A workaround in BayesStore/MySQL.pm was added for a MySQL server bug,
see http://bugs.mysql.com/bug.php?id=46675 .

Documentation was fixed: trailing dots in DNSBL zone names are not required
since version 3.1.0 of Mail::SpamAssassin (September 2005).

Notable features:
=================

Redis database backend for a Bayes database
-------------------------------------------

In addition to existing backends, the 3.4.0 introduces support for keeping
a Bayes database on a Redis server, either running locally, or accessed
over network.
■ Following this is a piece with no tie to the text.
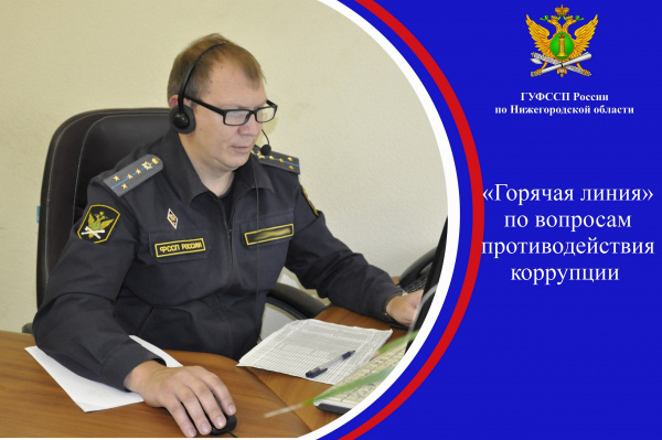 5 декабря с 10.00 до 12.00 в Главном управлении Федеральной службы судебных приставов по Нижегородской области состоится «горячая линия» по вопросам противодействия коррупции. В рамках проведения мероприятия граждане могут позвонить в отдел собственной безопасности Главного управления по вопросам, относящимся к теме антикоррупционного законодательства по телефону: 223-29-90.

Similar to SQL backends, the database may be concurrently
used by several hosts running SpamAssassin.

The current implementation only supports a global Bayes database, i.e.
per-recipient sub-databases are not supported. The Redis 2.6.* server
supports access over IPv4 or over a Unix socket, starting with version
2.8.0 also IPv6 is supported. Bear in mind that Redis server only offers
limited access controls, so it is advisable to let the Redis server bind
to a loopback interface only, or to use other mechanisms to limit access,
such as local firewall rules.

The Redis backend for Bayes can put a Lua scripting support in a Redis
server to good use, improving performance. The Lua support is available
in Redis server since version 2.6. In absence of a Lua support, the Redis
backend uses batched (pipelined) traditional Redis commands, so it should
work with a Redis server version 2.4 (untested), although this is not
recommended for busy sites.

Expiration of token and 'seen' message id entries is left to the Redis
server. There is no provision for manually expiring a database, so it is
highly recommended to leave the setting bayes_auto_expire to its default
value 1 (i.e. enabled).

Example configuration:

bayes_store_module Mail::SpamAssassin::BayesStore::Redis
bayes_sql_dsn server=127.0.0.1:6379;password=foo;database=2
bayes_token_ttl 21d
bayes_seen_ttl 8d
bayes_auto_expire 1

Improved support for IPv6
-------------------------

The rules-updating program sa-update and its infrastructure is now usable
over either IPv4 or IPv6, including from an IPv6-only hosts (bug 6654).

SpamAssassin is now usable on an IPv6-only host: affects installation,
self-tests, rule updates, client, server, and a command-line spamassassin.

Command line options -4 and -6 were added to prefer/choose/force IPv4 or
IPv6 in programs spamassassin, spamd, spamc, and sa-update.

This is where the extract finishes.